Another reminder today that we as a culture (or whatever we are) don’t seem to value our security all that much (note that I said security, not privacy). I watched a couple dozen tweets roll by urging me to go see who’s stalking me on Twitter … I jumped over to find a page that wanted my Twitter username and password so it could show me the last 200 visitors to my Twitter page. First of all, how in the hell would it be able to tell me who the last 200 people who stumbled across my Twitter page were and why in the world would giving it my username AND password help? Scam.
This is just another example of how cavalier we all are on the social web. I’m sure many of you read about the security breach involving Google Docs and Twitter … an illustration that much of our information across the social web is only as secure as our password habits. I know two weeks I was using the same username and password combo at nearly all the social sites I routinely participate in. After reading the Twitter story I changed all that. Here’s a quick rundown of what I am doing … this is not de-facto secure, but I feel much better going forward.
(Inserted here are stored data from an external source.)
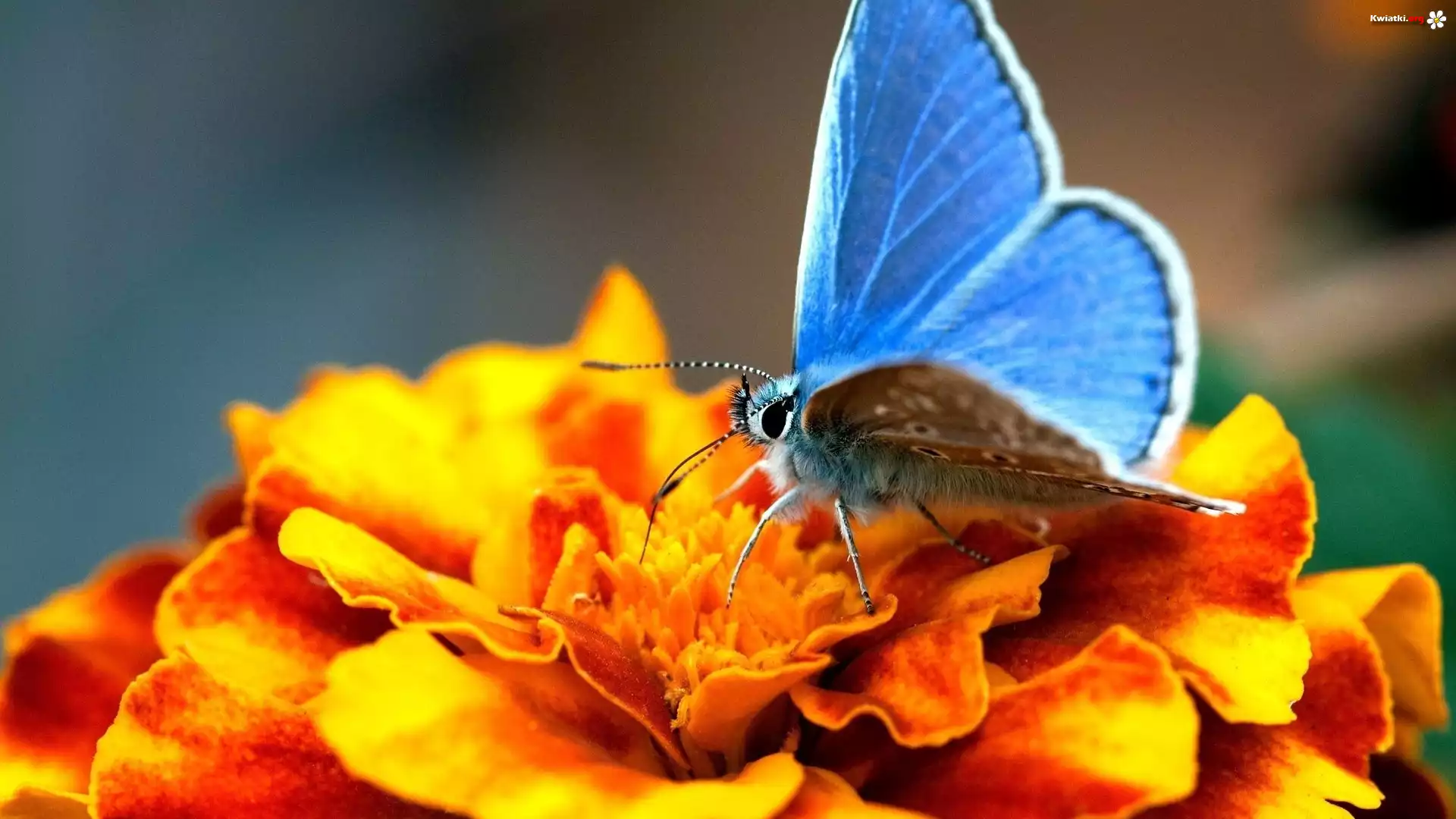 Kwiat Niebieski, Motyl, Modraszek ikar, Kwiat, Cynia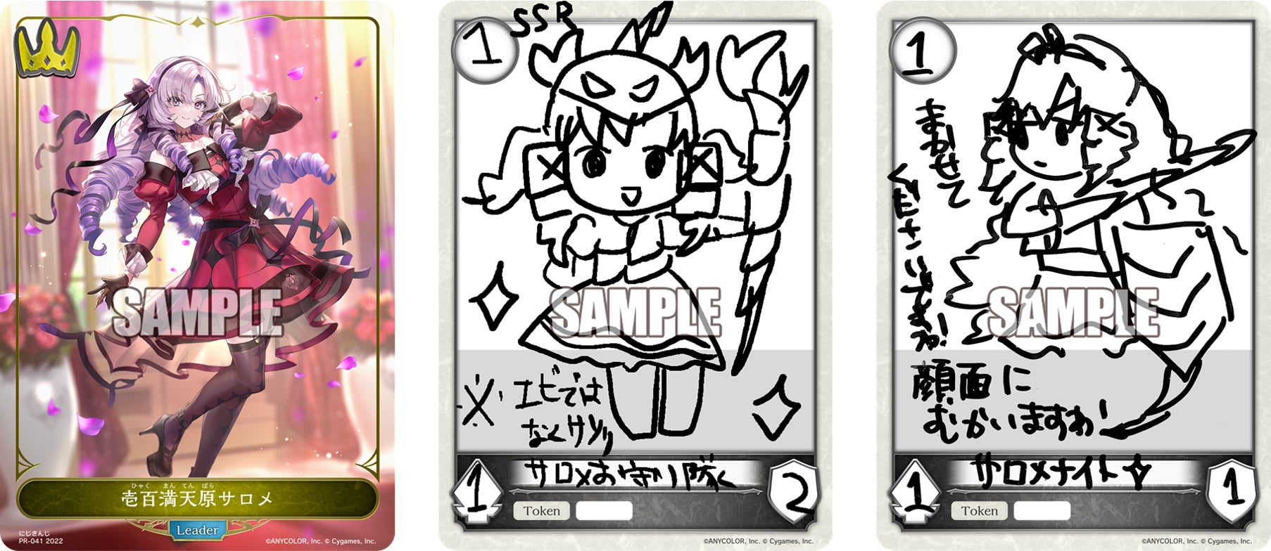 ■ボックス購入特典として「壱百満天原サロメ」リーダーカード1種、もしくは「壱百満天原サロメ」による手描きイラストを用いたトークン2種の計3種から1枚ランダム封入!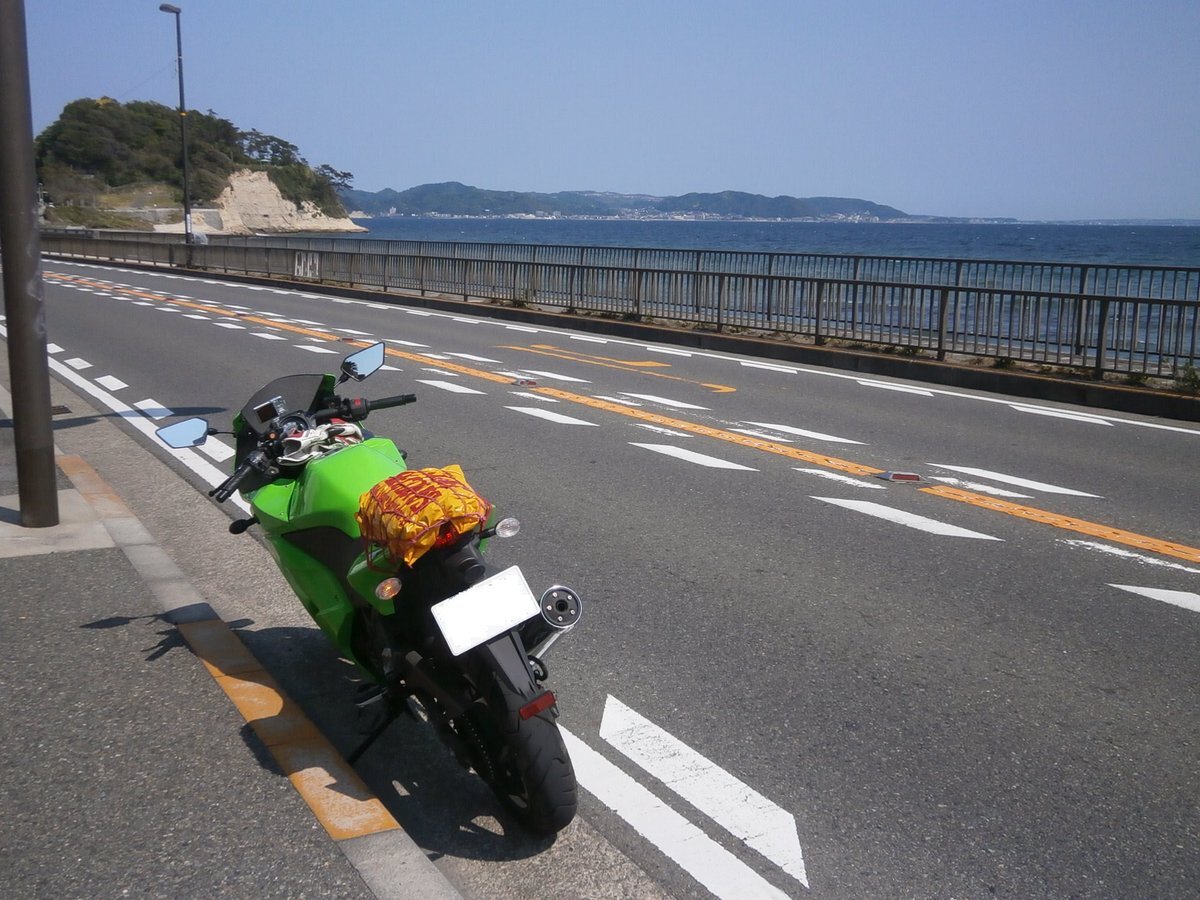 鎌倉の七里ヶ浜から稲村ヶ崎をのぞむ 平日でも慢性的に渋滞する国道134号でこのすきよう 愛車Ninja250Rのライムグリーンと空と海の青 pic.x.com/Ih7m71qaGh

I got a free Dropbox account (if you click that link it includes a promo code for us both to get a little extra storage). What Dropbox does is add a folder to your home directory in Mac OSX that is constantly watched and synced back up to the Dropbox server. There are two things I really appreciate about the service … first, it is really fast. Things sync much quicker than with my iDisk. Second since it is an actual directory here on my machine (or in my cases machines) my files are local and I don’t need to be connected to the web to grab my files. What Dropbox is giving me is a super fast way to keep the next ingredient to my solution working across multiple machines.
I downloaded and installed 1Password. 1Password is a client based password management tool that allows you to create, manage, and use passwords in a secure way. Once installed it adds a little icon to your browser that will auto fill usernames and passwords for you with a click. It also generates secure passwords for you on the fly so I can have different and random passwords for facebook, google, twitter, and you name it.
To put the two together you first have to switch to using an Agile Keychain in Mac OSX. This essentially creates a separate non-system level keychain bundle that can be stored elsewhere — in this case in your Dropbox folder. Then, once that is complete just follow these steps to point your 1Password client to that keychain. Once that is complete you can install 1Password on your other Macs, pointing to your existing keychain being synced by Dropbox so things stay in sync.
The life saver so far has been the iPhone App for 1Password. This has a two layer password scheme for exposing the password text … that is really useful for when you are using a lab machine or one other than your own and you can’t recall the randomly generated 30 character password.
Even if it isn’t an ideal solution, it feels a hell of a lot safer than trusting that no one could ever pull a password recovery scam on me and get access to everything I have across the social web. Your milage may very, but I recommend you come up with a solution that makes sense to you and if we are sharing documents on Google Docs, please work out something so our secrets aren’t compromised. And D’Arcy, I’ll be waiuting for you to follow through with your tweet …
http://accountr.darcynorman.net
Brilliant. I filled out the form. I feel so much more secure now … thanks to you, D’Arcy!
I’ve always used a tiered password system. Bank accounts get one password, email another, important services one more and then finally everything else gets a basic one.
Of course as your example shows above, changing to separate passwords for each account is difficult (and in the case of 1Password, expensive). Things will never be secure until the OpenID, other authentication movements and big companies) figure things out (Ahem Google).
For now though I’m using LastPass (which is free, cross-platform and cross-browser) to try and make things work a little better for myself.
Finally, Dropbox is magic. It means you never have to worry about where your files are… ever.